The words came out so rushed Miles almost didn’t put together what she’d said. This is Miles Linwood. She knew him.
“Elise! It is you.” He reached for her again.
She backed away from him, eyeing him almost contemptuously. When had she ever looked at him with contempt? Miles couldn’t reconcile the Elise who stood in front of him with the sweet, dear friend he’d once known. Without fail, she’d tos
sed herself into his embrace every time he’d returned from school. She’d sneaked into his room when he was nine because a sore throat had kept them apart for a week and she’d missed him too much to stay away. And now, four years of separation and she didn’t seem the least interested in being reunited. She almost seemed angry that he was there.
“You do remember me, don’t you?” he asked, perplexed.
“I know who it is you are.” Again that strange accent. What had happened to her? Why was she shying away from him? And why was there an edge of hostility in her tone?
“Haven’t you even a smile for me?” Miles could do little more than watch her in bewilderment. “Pon rep, Elise. We’ve known each other all our lives, and I haven’t seen you in more than four years. Are you not at all happy to see me?”
She didn’t answer.
“At least tell me how you came to be here, so far from home.”
“This is me home.”
Miles looked over at Mama Jones. “I . . . I don’t understand.” He held his hands out in frustration.

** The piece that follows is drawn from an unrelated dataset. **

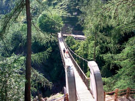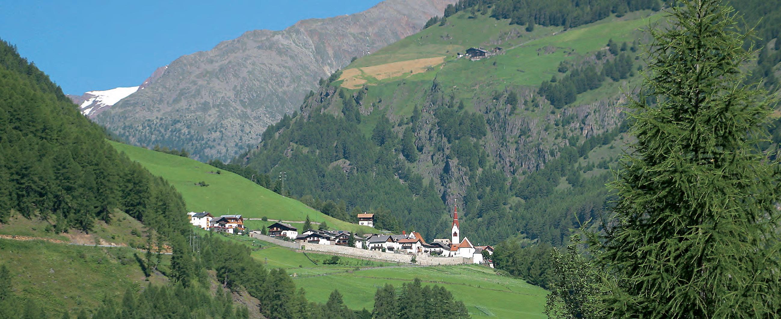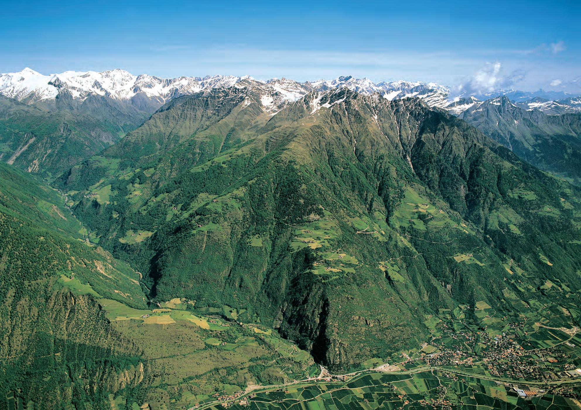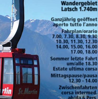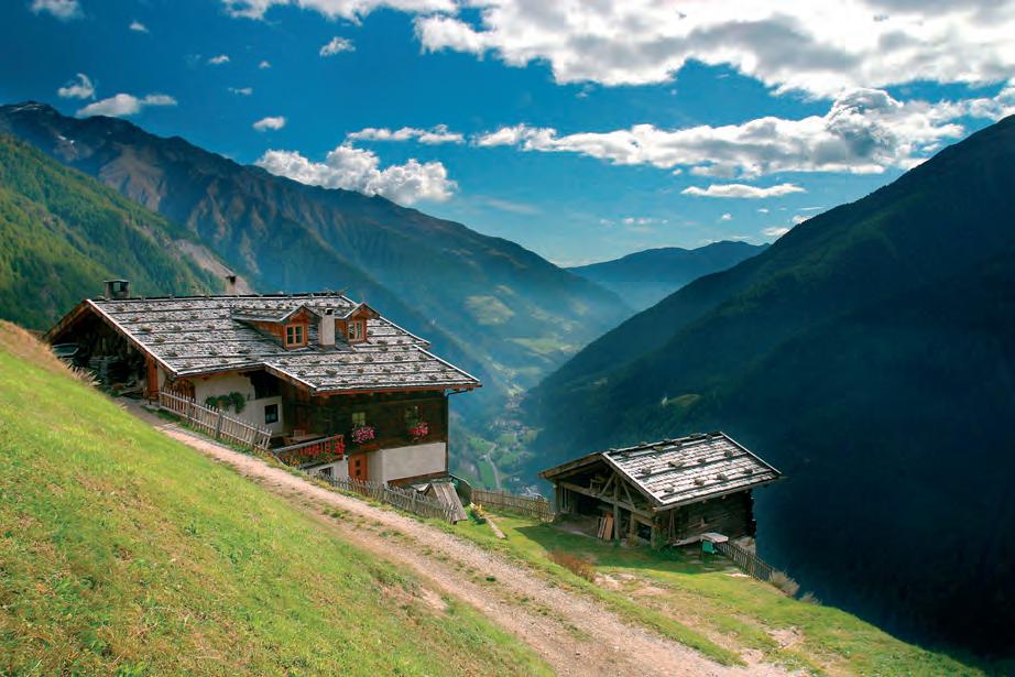 onne satt am Sonnenberg. Und das an 315 Tagen im Jahr. In keinem anderen Ort der Alpen regnet es weniger. Früchte wie Äpfel, Feigen und Trauben reifen an den sonnigen Hängen. Die malerischen Berghöfe mit ihren steilen Wiesen geben einen Einblick in das entbehrungsreiche Leben der Bergbauern. Von dort oben genießt man einen wundervollen Ausblick auf den Vinschgau, das Meraner Becken, das Passeiertal, die Sarntaler-, Stubaier- und Ötztaler Alpen. Bei schönem Wetter sieht man bis in die Dolomiten, die Brenta-Gruppe und das OrtlerMassiv. Am Sonnenberg lassen sich eine Vielzahl von Wanderungen unternehmen. So durchquert der bekannte Meraner Höhenweg den Naturnser Hausberg in seiner vollen Länge. In einer mehrtägigen Tour kann man über diesen Weg die Texelgruppe umrunden. Der Naturpark Texlgruppe ist mit über 30.000 Hektar der größte der sieben Naturparks Südtirols. Felsige Hänge wechseln sich ab mit weiten Lärchenwäldern, blühenden Wiesen, schönen Almen, Flaumeichen, Bergahorn, tosenden Wasserfällen und glasklaren Bächen und Quellen. Wer es gemütlicher mag, kann von Naturns mit der Seilbahn nach Unterstell fahren und von dort den Berg erkunden. Es wird sich ihm eine einzigartige Bergwelt eröffnen, die aufgrund der speziellen klimatischen Bedingungen nirgendwo sonst anzutreffen ist. Einkehren und rasten kann man bei den zahlreichen Gasthöfen, wo man sich mit der guten Südtiroler Küche verwöh-

“She is m’ daughter-in-law,” Mama Jones said. “Married to me poor Jim. He was a soldier.”
Elise is married? Was married? In his mind, she was still the fifteen-year-old girl she’d been the last time he’d seen her.
“Was married?” Miles asked, trying to piece the story together.
“Jim was cut down by them Frenchies in some foreign place. Now I just have Ella an’ the girl.”
“Why do you call her Ella?” She was Elise. He knew that for certain, and yet so many doubts spun about in his mind.
Elise, who had shared all of the most important moments of his life before her disappearance, clearly didn’t want him there asking questions. Something had happened. Something had changed her.
“Go get the girl, Ella,” Mama Jones instructed gently.
“No,” Elise answered emphatically. It was the first spark of feeling he’d seen in her.
“He’ll wish to meet her.”
“I do not wish for him to meet her. An’ I’ll thank you not to drop more of m’ troubles in his ears.”
“Ella.” The single word came out as a command.